To be able to distinguish between the holy and the profane, the pure and the impure is the most crucial and significant element of the Priestly literature. In other words, the whole priestly worldview boils down to seeing the world in terms of what is sacred and what is profane, what is pure and what is impure. It is at root a worldview built on the sole perspective that the cosmos is divided up into sacred space and sacred time (e.g., the Sabbath and other appointed festivals). In this regard, our modern economic worldview is, literally, world’s apart from the worldview, belief system, and values of the Aaronid priestly guild that wrote these texts. The demarcation of sacred space and the maintaining of that sacred space were the only things that mattered in living life. And furthermore, the community of people, among which Yahweh dwelt in its center, was sacred. The whole camp was sacred space. Can you imagine living in that world? A world defined by sacred space, and which placed you in that sacred space? Imagine what that would entail!

Another important difference to notice is the world as envisioned by the priests is not one plagued by good versus evil. That narrative is absent in the priestly corpus. There is no Satan, nor demonic forces that stand apart from Yahweh and who tempt men to err. There is only the pure and the impure, the holy and the profane. In other words, questions of morality or ethics are subordinated to issues of purity and impurity. A sin in the priestly literature can be one of two things: either an individual has inadvertently (#173) come into contact with something/someone impure and has therefore become impure himself—and thus this impurity/sin must be expunged from the individual via a sacrifice (#174). Or he has consciously violated one of Yahweh’s commandments “distinguishing between what is pure and impure” and in this case is “cut off” from the community (#175)—i.e., the holy people, whose sole space is defined as pure. Thus he is banished to the realm of impurity, i.e., outside the community!

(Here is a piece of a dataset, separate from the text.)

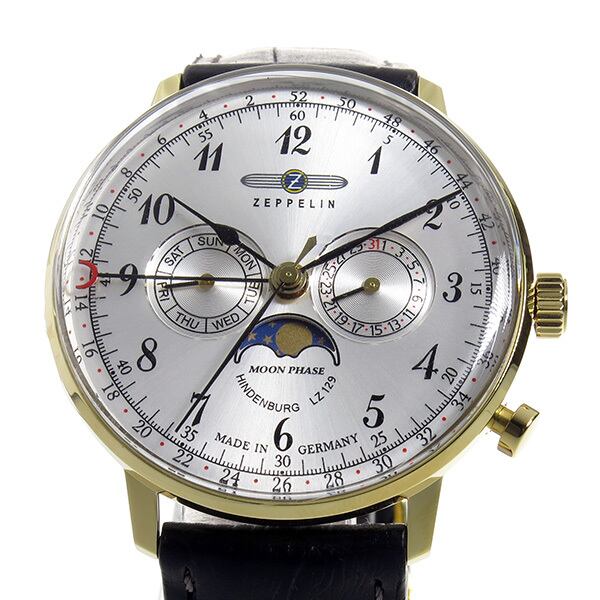 大西洋横断の定期旅客便として作られた「LZ129」は、航空機史上初めての船内にピアノを置き空中コンサートを開くなど、贅を尽くした最高のサービスを提供する飛行船として知られていました。ヒンデンブルク ムーンフェイズは、日・曜日表示に加え、月の満ち欠けを表示するムーンフェイズ、1年間を52周とした週表示ポインターを搭載。意匠を凝らしたデザインと個性あふれる機能性に富んだ、「LZ129」ならではの贅沢な逸品です。プレゼントやギフトにもおすすめ。

This priestly worldview, and the literature that endorsed and legitimated it, is not only at odds with our own 21st century worldview, beliefs, and values—quite obviously, but this needs to be repeatedly emphasized against those who would suggest otherwise—but it is also world’s apart from the worldview, beliefs, and values of the authors of what became the New Testament. We should not be alarmed by this; after all we’re talking about the world as viewed—as created!—by an elite priestly guild of the 6th-5th c. BCE and the world as seen through the eyes of secular writers living centuries later and in a radically different geopolitical and religious world, the 1st c. CE.

So similar to the Aaronid priests who wrote texts to legitimate and sanctify their own worldview and beliefs by presenting their deity, Yahweh, as a spokesperson for those very beliefs—in this case the prohibition of eating so-called unclean foods—so too the New Testament writers legitimated their own culturally defined beliefs and worldview by presenting Jesus as the spokesperson for these very beliefs, one of which was that all foods were clean.

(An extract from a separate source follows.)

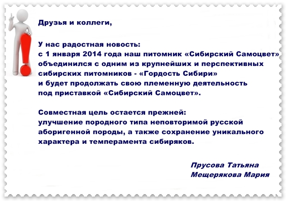 Добро пожаловать на сайт коллективного питомника "Сибирский Самоцвет"! Мы занимаемся племенным разведением и популяризацией сибирской и невской маскарадной породы в России и мире. На нашем сайте Вы сможете поближе познакомиться с сибирскими и невскими маскарадными кошками, котами и котятами питомника; ознакомиться со стандартами сибирской породы от различных фелинологических систем мира; посмотреть огромное количество фотографий наших питомцев – одних из самых лучших представителей сибирской породы, как традиционных, так и колор-поинтовых окрасов, фотоотчеты с Международных выставок кошек; прочитать массу полезных статей: по уходу, содержанию, кормлению, разведению и карьере породистых кошек или задать свой вопрос на нашем форуме; ну и конечно присмотреть котенка истиннорусской породы для себя и своих близких.

And he said to them—“Are you thus also without understanding? Do you not know that everything that enters into a man from the outside is unable to profane him, that it does not enter into his heart but into his stomach, and leaves him as waste”—declaring all foods clean. (Mk 7:18-19, my translation)

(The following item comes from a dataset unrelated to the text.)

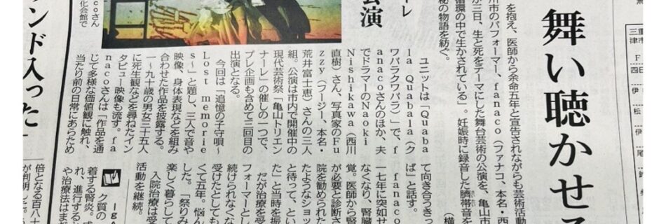 『亀山トリエンナーレ』公演の取材が中日新聞に掲載されました!

Whoever uttered these words, for they may not have been Jesus’ but those of the author of this text—just like the words of Yahweh in the book of Leviticus are those of the author—clearly is without understanding when it comes to the whole priestly worldview of the sacred as depicted in the book of Leviticus. Indeed, this author not only does not live in a world defined by sacred space and time as our Aaronid priests did, but such a worldview is utterly inconceivable to this author, and/or Jesus. Ideas of sacred space, people, and things, of Yahweh dwelling in their midst, etc. are all foreign to this author, and/or Jesus. It is not their world nor their belief system—indeed how could it be? We’re talking about a difference of 7 centuries in a vastly changed geopolitical and religious world! The passage above completely misses the point of the Aaronid priests who wrote Leviticus and fails to grapple with the sacred as defined by this elite priestly guild, and why it was constructed in the first place. It reduces the conversation about sacred space, people, and things to bodily parts: the heart and the stomach. Not only are the beliefs expressed above contradictory to the beliefs of the Aaronids but also to the Yahweh of the Aaronids’ text!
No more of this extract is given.